§ DATA SECTION:
• • • • •

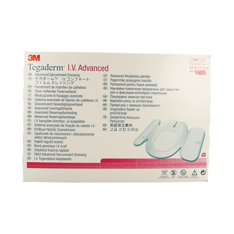 3M™ Tegaderm™ I.V. Advanced Securement Dressing is een steriel, transparant I.V. filmverband voor de geavanceerde fixatie van wonden. Onze verbanden hebben een sterke MVTR-barrière en zijn versterkt met soft cloth materiaal om loslaten van randen te beperken en om de insteekplaats van een infuus goed af te sluiten.
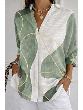 Femmes Chemise Chemise gaufrée Chemise Décontractée Graphique Géométrique Élégant Vacances ancien manche longue Hauts Longs Vert Claire Rose Claire Arc-en-ciel Été Printemps Automne Hiver
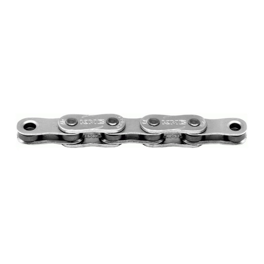 La chaine Z1EHX est en modèle robuste qui est conçu pour être mit à rude épreuve. Convient en BMX Race 3/32 mais aussi pour les vélos à assistance électrique. Elles sont spécialement traitées thermiquement pour prolonger la durée de vie et ont une haute réistance à la traction. Version finition nickel (Silver).

• • • • •

Each line above must be set down exactly, though no picture should be carried over.

§ ANSWER TO THE EXERCISE:
 3M™ Tegaderm™ I.V. Advanced Securement Dressing is een steriel, transparant I.V. filmverband voor de geavanceerde fixatie van wonden. Onze verbanden hebben een sterke MVTR-barrière en zijn versterkt met soft cloth materiaal om loslaten van randen te beperken en om de insteekplaats van een infuus goed af te sluiten.
 Femmes Chemise Chemise gaufrée Chemise Décontractée Graphique Géométrique Élégant Vacances ancien manche longue Hauts Longs Vert Claire Rose Claire Arc-en-ciel Été Printemps Automne Hiver
 La chaine Z1EHX est en modèle robuste qui est conçu pour être mit à rude épreuve. Convient en BMX Race 3/32 mais aussi pour les vélos à assistance électrique. Elles sont spécialement traitées thermiquement pour prolonger la durée de vie et ont une haute réistance à la traction. Version finition nickel (Silver).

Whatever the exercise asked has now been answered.